On Self-Service Cost Control in the Cloud

One of the nice side effects of cloud services is that they enable engineering teams to provision their own infrastructure without having to go through a gatekeeper. This could be seen as an instance of the general trend towards shifting left: Enabling teams to spin up infrastructure according to their needs removes friction from the process and enables faster iterations.

However, this newly gained freedom also comes with the expectation that engineering teams manage the cost of their infrastructure needs responsibly.

I want to argue that engineers can generally be trusted with this responsibility and that re-introducing control structures to manage cloud spending would be an understandable but flawed reflex. Instead, to avoid waste, we need more transparency. The best way forward is to make this new responsibility easier to deal with for engineering teams.

Not An Incentive Problem

One argument that you could make is that placing the responsibility of cost control into the hands of engineering teams is dangerous because their incentive is to solve the technical problem at any cost. Therefore, the infrastructure costs incurred are an externality that the organisation has to carry.

This view does not match my experience. I would argue that in a healthy organisation, individuals are incentivised to provide value to their employer. This means using the organisation’s resources efficiently to generate the best possible ROI. Keeping an eye on the cost is an important component of this responsibility.

Think about it this way: You already ask your engineers to manage their own time efficiently, for many teams arguably a larger cost factor than the cloud spendings they have to keep track of.

The risk with the misaligned incentive school of thought is that it leads to the conclusion that the fix must be to require approval from the person that owns the team’s budget – effectively creating a gatekeeper. This gatekeeper might eliminate some waste, but they also re-introduce the same problem you had before moving to the cloud: Having to seek approval creates a drag and limits the speed with which the engineering team can iterate.

It’s a Transparency Problem

If the conclusion is that you can in principle trust your engineers to manage the organisation’s resources effectively, then what’s the problem? Well, I have seen many cloud resources being used inefficiently – and I have been the culprit in several instances. May the engineer that never left an expensive cluster running by accident cast the first stone!

However, in my experience, all examples of wasteful use of cloud resources can be traced back to honest mistakes. The two leading causes seem to be simply forgetting about a running cost and misjudging computational capacity requirements.

To me these look like very typical byproducts of shifting left: Yes, you do move more responsibilities into your engineering teams. If that additional load is getting too large, it is not surprising that the ball will get dropped from time to time.

By the same token, the response is similar to the one we use to tackle the challenges of other left-shifts: We hope that empowering engineers will lead to more automation which eventually reduces the impact of these new responsibilities to near-zero.

Existing Tools

There are of course existing tools to help. AWS notably provides the Cost Management tools, the Application Cost Profiler and the Billing pages. These systems are building blocks, not solutions.

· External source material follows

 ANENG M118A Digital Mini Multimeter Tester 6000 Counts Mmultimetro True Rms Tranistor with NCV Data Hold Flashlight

This is a bit like CloudWatch is a tool that can help with monitoring your cloud resources – but you will still have to work to create a monitoring solution for your system that integrates the available tools.

Directions To Explore

To enable teams to control their own cost, I think that we will need to create more transparency. A lot of existing solutions rely on dashboards for cost tracking. That can be part of the answer. However, I don’t think this is sufficient.

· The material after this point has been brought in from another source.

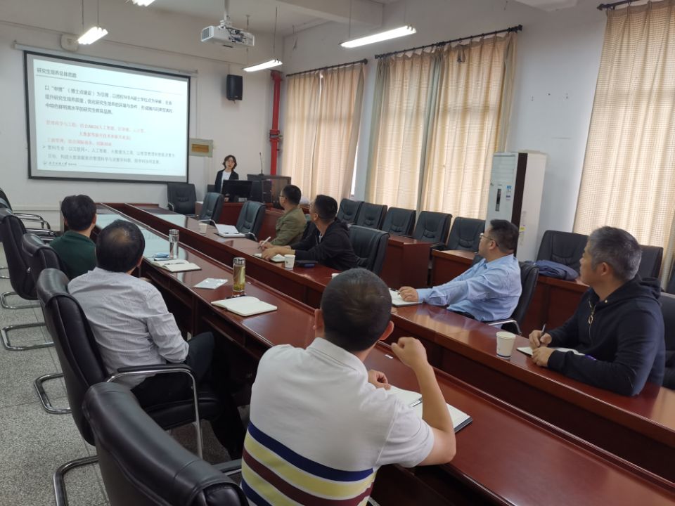 经理助理杨筝博士从“十三五”研究生工作情况、“十四五”发展思路与目标、困境与机遇、任务与举措、支撑与保障等方面,对学院团队建设发展及研究生相关工作进行了详细汇报。

To avoid the oops-I-left-the-machine-running problem, for example, I would suggest a combination of a clear ownership system and a smart notification scheme.

Ownership

All large cloud providers support resource tagging. This can be a simple way of establishing ownership: Require that every resource be tagged with the name of the person responsible. Note that resources include test systems, development environments and production systems – everything should have a clear owner.

Any ownership system needs to be linked to a hierarchy of backups to make sure the system works if the person in charge is unavailable when action is required. A simple extension would be to bubble ownership up the org-chart: If an individual contributor is not available to respond to a request, their manager will get called instead.

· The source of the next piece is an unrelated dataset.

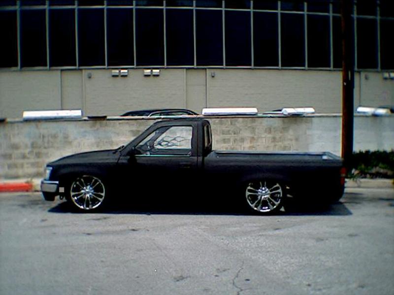 full 95 4runner front, clear corner and bumper lights, 4x4 fenders, shaved rocker holes, antenna, door handles, tailgate handle, 3rd brake light, hood pissers, welding in and molded rollpan, custom license plate, gaylords bed cover. 5% window tint with mirror flames (but changing the design..this was just a practice tint)

A natural extension to this scheme would be virtual ownership. For example: “The owner of this resource is whoever is currently on-call”.

There are many ways of implementing such a scheme. What matters is the following: At any point in time and for every resource it must be clear who is going to make sure that the resource is not generating waste.

Notifications

The second ingredient is a non-intrusive notification scheme. This is where things are getting more complicated. The simplest implementation would be an email or slack message listing the resources owned by you currently running and asking for confirmation that these are still required. However, we’re all well aware of the problem with notifications: If they are not targeted and actionable, the risk is that they will go directly to the spam bucket or be glossed over. Therefore, this part hinges on making the signal-to-noise ratio as meaningful as possible. Some ideas would be the following:

Cluster related resources. Instead of listing all subnets and container instances, it would be good to see a meaningful report like “that test environment you spun up yesterday is still running”. An easy way of achieving that is to take into account resource hierarchies and to prefer to show higher-order objects like resource groups or cloud formation stacks.

Prioritising resources by cost. If your lambda function is not generating any cost, who cares that it is still deployed? Like with any optimisation, we want to first and foremost focus on the big fish, like that 200 node EMR cluster for example. A notification system needs to know the so-what: “resource X incurred a cost of X so far (Y/day)”. The highest consumers should be at the top of the list.

Exponential back-off. Some resources are expected to be short-lived, others are expected to run for a long time (e.g. your prod environment). Every time you confirm that a resource is still needed, the system could decide to decrease the frequency of notifications for that resource. A snooze function with exponential back-off if you will. This means that new resources are checked frequently and long-running resources are only considered on occasion.

Conclusion

The above system does not yet address the second typical problem of cost control, that of misjudged capacity requirements. There are similar strategies that we can apply to tackle this issue, though. The gist is the following: Giving teams autonomy to manage their own resources is a good thing. This comes with additional responsibilities which do cost time and can lead to mistakes. Our strategy should be to provide the tools and automation to enable these teams to rise to the challenge – and not to install yet another gatekeeper.